Resumo:
High-voltage circuit breakers are critical components in the operation and protection
of electrical power systems, ensuring the safe performance of the grid. The integrity of
their auxiliary circuits, particularly the opening and closing coils, is essential for reliable
equipment operation. Failures in these components — such as material wear, triggering
faults, internal short circuits, or variations in energization time — can compromise
breaker performance, resulting in unsuccessful current interruption, unintended tripping,
or system unavailability. This work proposes a diagnostic method based on serial Fuzzy
Inference Systems to evaluate the integrity of these components by calculating a Risk
Degree from the analysis of coil current signals in an SF6 circuit breaker, without the
need to interrupt equipment operation. The results demonstrated classification behavior
consistent with expectations, with variations in the Risk Degree associated with the accumulation
or reduction of the Recurrence Factor.

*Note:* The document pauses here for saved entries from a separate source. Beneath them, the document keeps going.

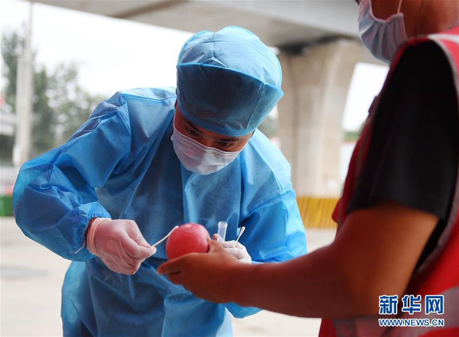 工作人員在新發(fā)地批發(fā)市場周轉(zhuǎn)新區(qū)對進(jìn)場蔬果進(jìn)行取樣(8月6日攝)。 新華社記者 張晨霖 攝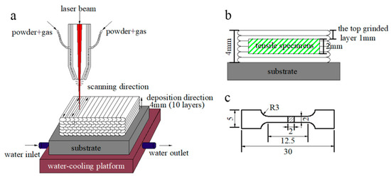 A 1.5-kW fiber laser with a coaxial powder feeding and water cooling system was used to fabricate the multi-layer laser cladding, as sketched in Figure 1a. The key processing parameters were modified and adjusted as followings: laser power density of 430 W·mm−2, laser scanning speed of 8 mm·s−1, overlapping rate of 50% and powder delivery rate of 4 g·min−1. High purity nitrogen (99.999%) was used as both a shielding gas and a carrier gas with a flow rate of 10 L·min−1. After 10 cladding layers were deposited, the MSS coatings with a dimension of 90 × 40 × 4 mm were fabricated successfully.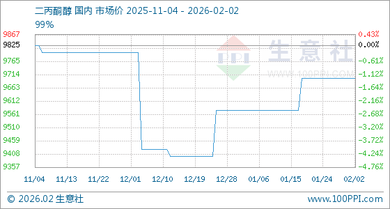 2月2日,生意社二丙酮醇基准价为9700.00元/吨,与本月初持平。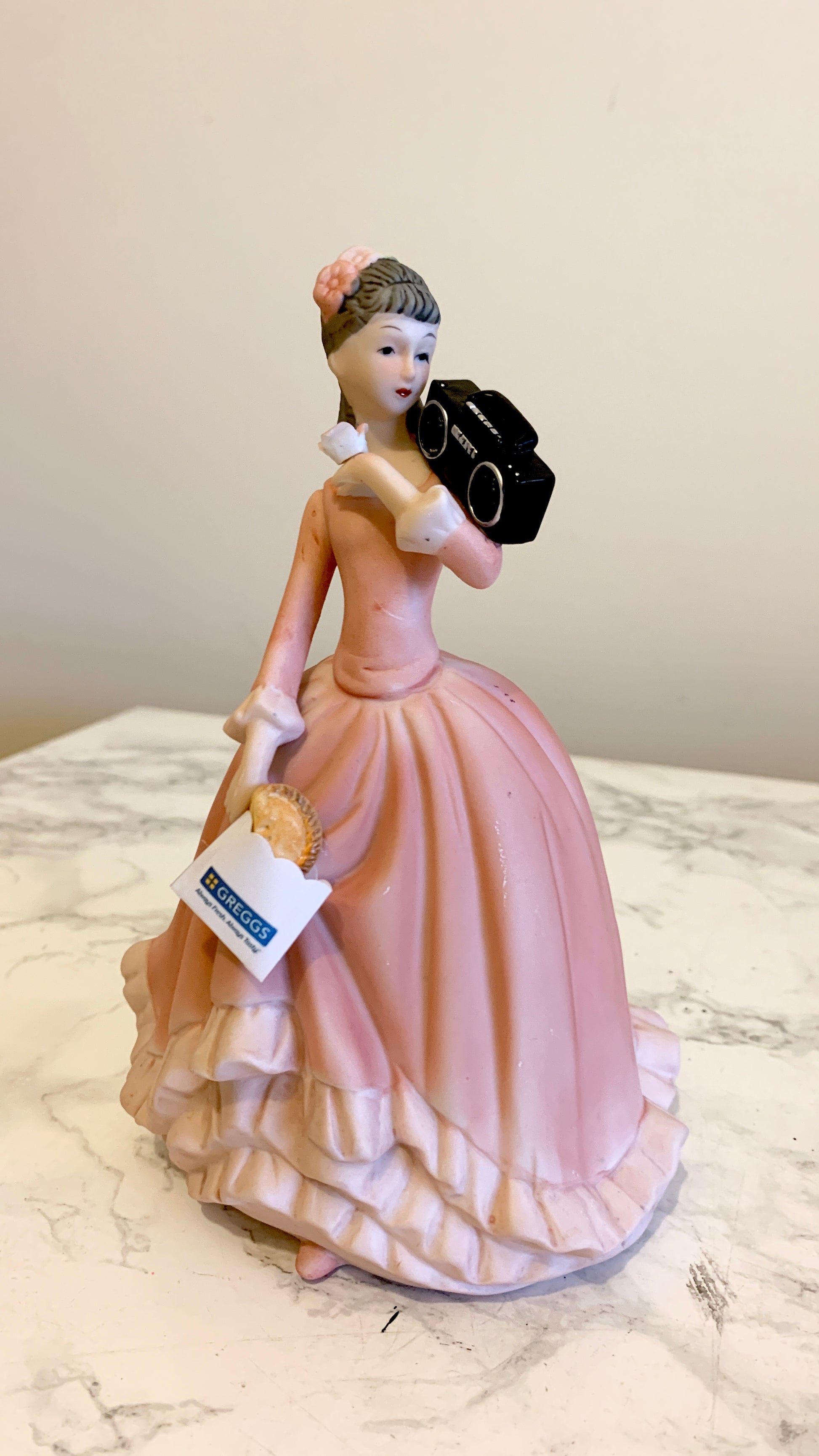 These upcycled vintage figurines blend classic porcelain charm with a modern, playful twist. Each piece starts as an authentic vintage ornament, carefully sourced and then reworked by hand with unexpected details that turn it into a true statement piece.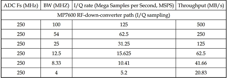 回歸射頻采集的本質(zhì),是將射頻信號(hào)進(jìn)行高數(shù)據(jù)率的IQ解析和存儲(chǔ),因此采樣率和位深決定了采集信號(hào)的精度,RFCS的典型參數(shù)如下表: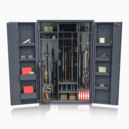 Dwa rzędy uchwytów na broń. Zastosowanie innowacyjnych przestawnych uchwytów na broń na szynie metalowej, mocowanej na magnes pozwala na umiejscowienie ich na dowolnej wysokości na ścianie tylnej czy na ścianach bocznych. Uchwyty na przestawnych szynach mają możliwość regulacji na wysokość i głębokość sejfu. Dla większej wygody użytkowej zastosowano podział szyny na broń. Dzięki temu zabiegowi, nawet najkrótsza broń będzie mogła być odpowiednio i bezpiecznie umieszczona w sejfie na broń. Uchwyty na broń mocowane na magnesach mogą służyć do ustawiania broni krótkiej.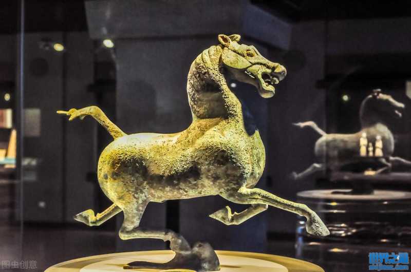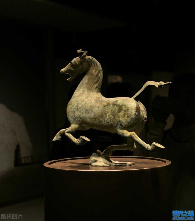 (古代中国东汉)马踏飞燕 :东汉铜奔马,别称马踏飞燕,为东汉青铜器,1969年10月出土于甘肃省武威市雷台汉墓,现藏于甘肃省博物馆。东汉铜奔马重7.15千克。形象矫健俊美,别具风姿。马昂首嘶鸣,躯干壮实而四肢修长,腿蹄轻捷,三足腾空、飞驰向前,一足踏飞燕。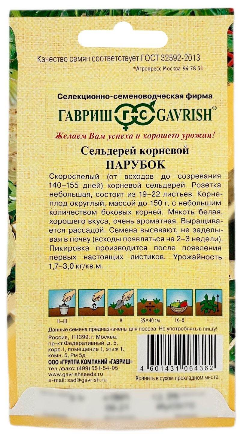 Сельдерей корневой ПАРУБОК ГАВРИШСкороспелый (от всходов до созревания 140-155 дней) корневой сельдерей. Розетка небольшая, состоит из 19-22 листьев. Корнеплод округлый, массой до 150 г, с небольшим количеством боковых корней. Мякоть белая, хорошего вкуса, очень ароматная. Выращивается рассадой. Для быстрого прорастания семена замачивают в воде комнатной температуры на пару суток. После легкого просушивания приступают к посеву в ящики с почвосмесью из дерновой земли, перегноя и песка на глубину 0,5 см. Пикировка производится после появления первых настоящих листиков. Урожайность 1,7-3,0 кг/кв.м.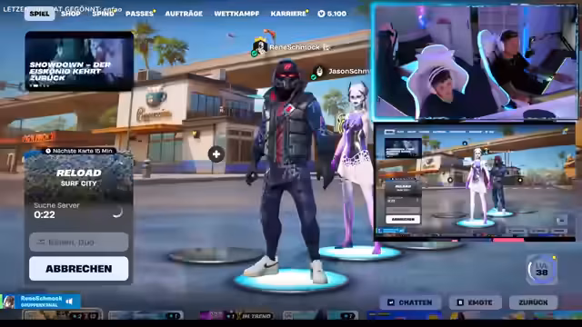 00:00:34Der Stream beginnt mit einer kurzen Vorbereitung auf ein Fortnite-Spiel. Es wird eine Server-Suche gestartet, wobei angemerkt wird, dass es sich nicht um das offizielle Reload-Event handelt. Die Spieler beabsichtigen, eine Reload-Runde zu spielen, bei der sie Bauen und Combat betonen, um den 'Brainrot' zu stehlen. Während der Suche wird deutlich, dass es kein offizielles 'Creative Reload' gibt, was zu einer leichten Verwirrung führt. Der Fokus liegt auf einem schnellen, actionreichen Start ins Spiel.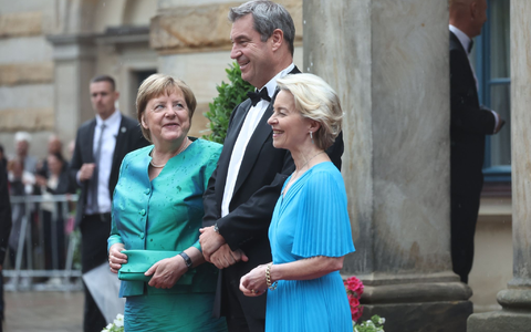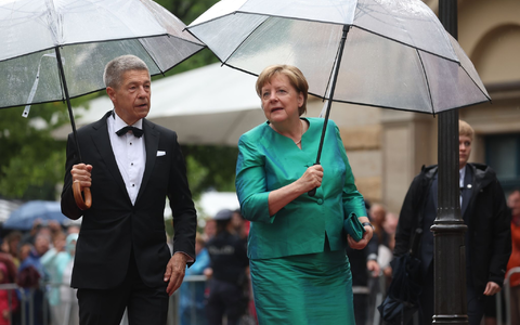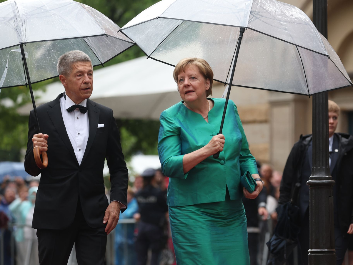 Bei starkem Regen und Donner eilte die Prominenz recht zügig über den roten Teppich: EU-Kommissionspräsidentin Ursula von der Leyen war angereist, ebenso die frühere Bundeskanzlerin Angela Merkel. Die Einladung der Stadt Bayreuth angenommen hatten auch die beiden Schauspielerinnen Maria Furtwängler und Margarita Broich («Tatort»).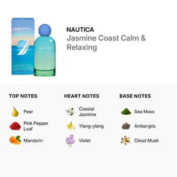 Packaged in a sleek 3.4 oz bottle, Nautica Jasmine Coast Calm & Relaxing is ideal for those seeking a fragrance that mirrors the calm and refreshing rhythm of the sea. Whether you're heading to the office or a weekend getaway, this Eau de Parfum balances freshness and tranquility, making it perfect for any occasion.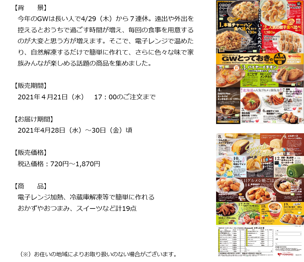 つくる人から笑顔に。をテーマに全国で”食材(ミールキット)宅配サービス”を提供するヨシケイグループ(本部:ヨシケイ開発株式会社/静岡市 代表:井野口 雄一)は、ゴールデンウィーク(GW)に楽しんでいただける「GWとっておきの人気mono祭」企画を実施。人気の冷凍食品や話題のスイーツ等を販売します。![]()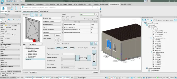 Установка проемов стала еще одним примером гибкости инструмента. При создании каждого окна и двери мы выбирали из обширной стандартной библиотеки заполнений. Для типовых проёмов этого более чем достаточно, но продукт также позволяет при необходимости создавать и настраивать собственные, нестандартные варианты.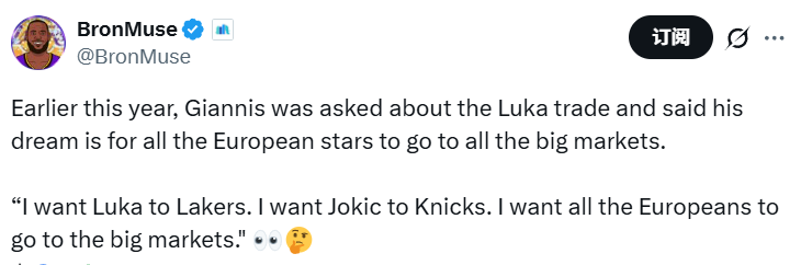 另外,字母哥在东契奇被交易到湖人时的言论被扒出,当时他说道:“我希望东契奇能去湖人,希望约基奇能去尼克斯,我希望所有欧洲球员都能加盟大球市球队。”如今回顾这段言论,这或许也暗示着自己想去大市场球队。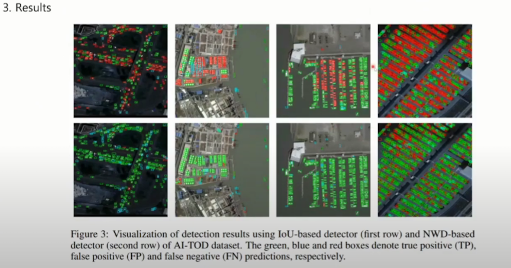 실제 실험 결과입니다. 위쪽은 IoU를 사용했을 때 밑에는 NWD를 사용했을 때입니다. 초록색은 잘 찾은 부분이고, 빨간색은 찾아야 되는데 못 찾은 부분, 파란색은 못 찾아야 되는데 찾은 부분입니다. NWD를 사용하는 게 효과적인 것을 확인할 수 있습니다.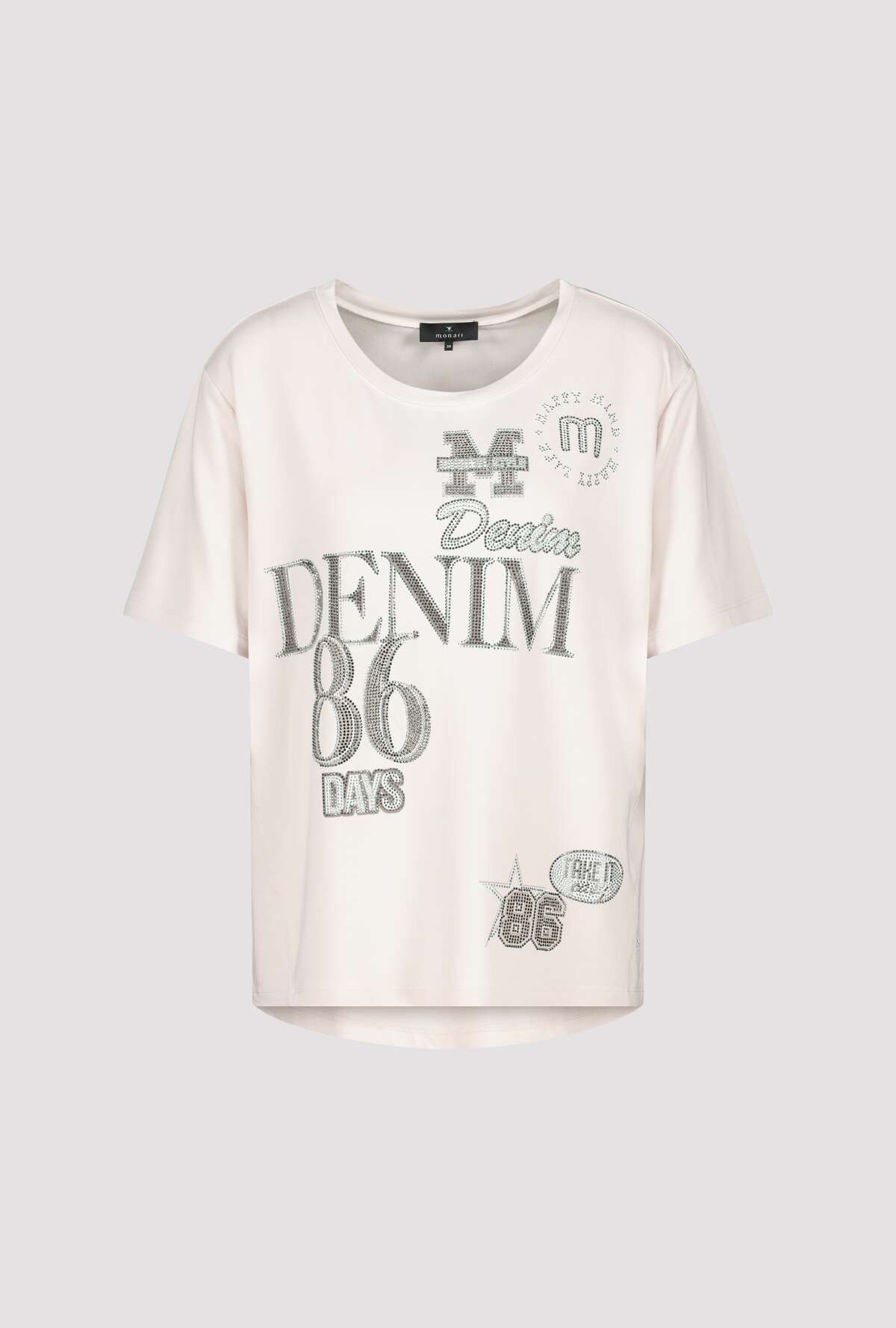 Стильная футболка из струящейся смесовой вискозы, украшенная сверкающими надписями из страз. Регулярная посадка. Круглый вырез. Короткие рукава слегка внахлест. Предварительный боковой шов. Удлиненная, закругленная спина. Длина спинки 44-го размера составляет 63 см, длина переда 60 см.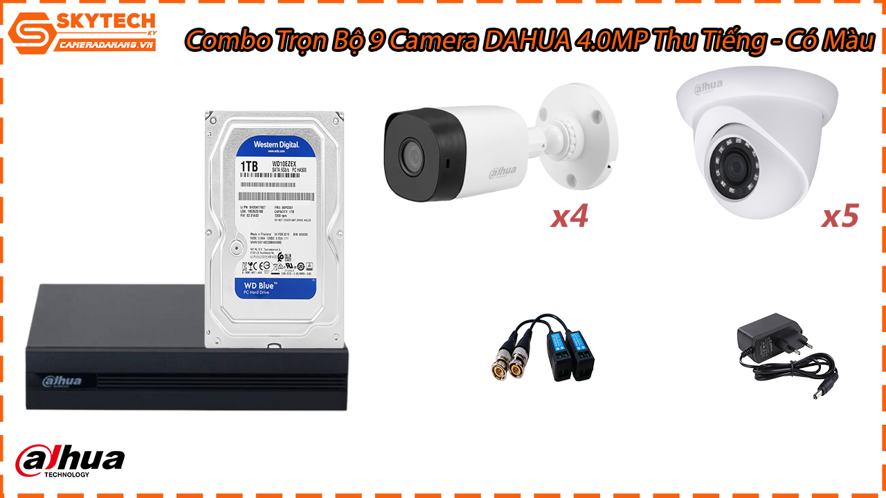 Combo Trọn Bộ 9 Camera Dahua 4.0MP – Thu Tiếng – Có Màu gồm những gì?

Differences in the quantity and diversity
of samples affected the stability of the classifications: HD4-model breakers showed greater
exploration in the variation of classification intervals, while AP3-model breakers revealed
higher magnitude and lower diversity of values. The analysis of fault signals was not suitable
for preventive calibration, reinforcing the importance of pre-fault data. Future work
should focus on expanding the number of samples in both controlled and field environments,
as well as integrating other operational variables to increase the robustness and
applicability of the model to more complex electrical systems. Despite these limitations,
the proposed method contributes to the modernization of diagnostics in power systems,
promoting greater availability and reducing operational costs.